Calló y se quedó esperando una respuesta de su novia, lo que había dicho tenía mucha importancia. Patricia no dijo nada, su única respuesta fueron los ruiditos del teclado del ordenador. Alfredo miró por encima de la cabellera de su novia.
—¿Qué canción es Popea-Chanel?
Patricia desvió la mirada de la pantalla.
—Alfredo, no es tan grave. Higgins traerá gente. Sobreviviremos.
Él no respondió, prefirió parecer absorto colocando la pajarita sobre su muslo derecho y empezar a atarla.
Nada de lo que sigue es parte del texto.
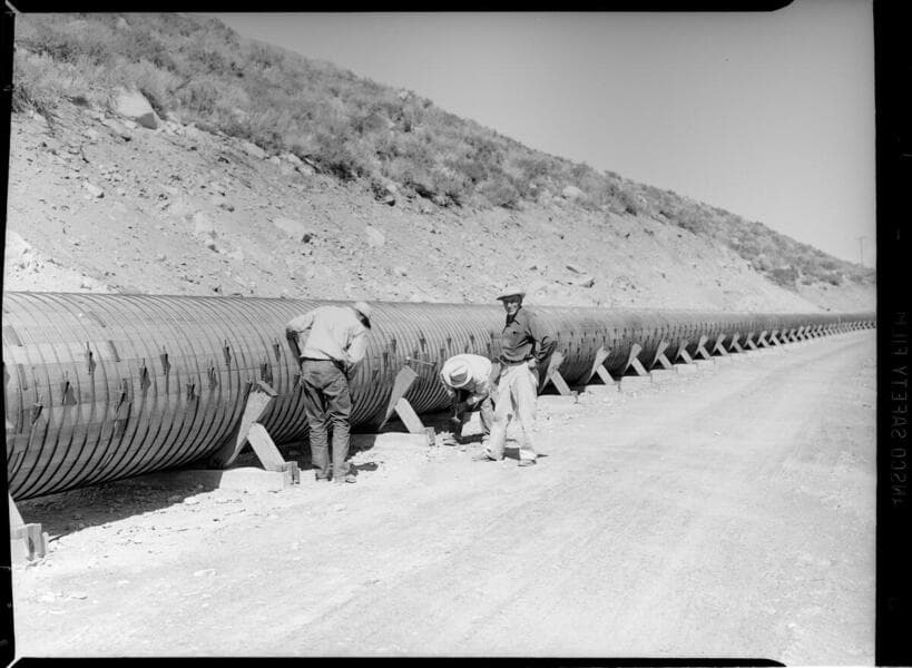 Men constructing redwood-stave flowline from Bishop Creek plant 4 to plant 5 forebay.

—Alfredo —insistió Patricia—, hay muchas cosas que organizar. La cena de esta noche, tus asistentes que te esperan... Y la fiesta de Nueva York. Hoy han vuelto a llamar, siento no habértelo dicho antes pero insisten en que te quieren allí, al mando. Ofrecen sesenta y cinco mil dólares solo por tu firma. Gastos aparte, carta blanca. Están dispuestos a ingresarlos en nuestra cuenta en cuanto aceptes... Podrías viajar mañana, o el mismo jueves, yo permaneceré aquí, con Francisco y Joanie al cargo de todo. Alfredo, no te niegues... —Hablaba rápidamente, sin respirar casi, no quería que él se obsesionara con la rutina de la pajarita—. Vendrá gente y más gente aquí si la fiesta en Nueva York llama la atención.
La pajarita ya estaba enlazándose sola y la desbarataría. Cuando Alfredo se ponía a hacer el lazo de la pajarita su cerebro entraba en zona de peligro, o de ensimismamiento, o directamente se arrojaba a un precipicio del que ni siquiera ella podría alcanzar a recuperarle. Siempre comenzaban así las crisis: buscaba la pajarita en el fondo del cajón, se sentaba con las piernas muy abiertas y esperaba un instante, a veces largo, otras más impulsivo, para empezar a estirar el retal de tela con sus dos extremos, luego volvía a esperar hasta decidirse a hacer el primer nudo y pasar los cabos más delgados para disponerse a crear un lazo. Tomaba un extremo de la corbata y lo llevaba hacia la izquierda para hacer la pajarita inferior. Siempre sobre el muslo y siempre controlando los dedos, pasaba por debajo del nudo y del primer lazo el resto de tela y volvía a tirar hacia la izquierda. El nudo muy estrecho para hacer el lacito más notorio. El lacito, coño, significaba una trampa, una redención, ahorcarse. Por eso lo hacía, era el reflejo más perfecto que podía encontrar para gritar sin gritar que estaba mal. Esta vez le acompañaba ese nombre, descubierto al azar, Popea-Chanel, una vuelta a la pajarita. Popea-Chanel, otra vuelta...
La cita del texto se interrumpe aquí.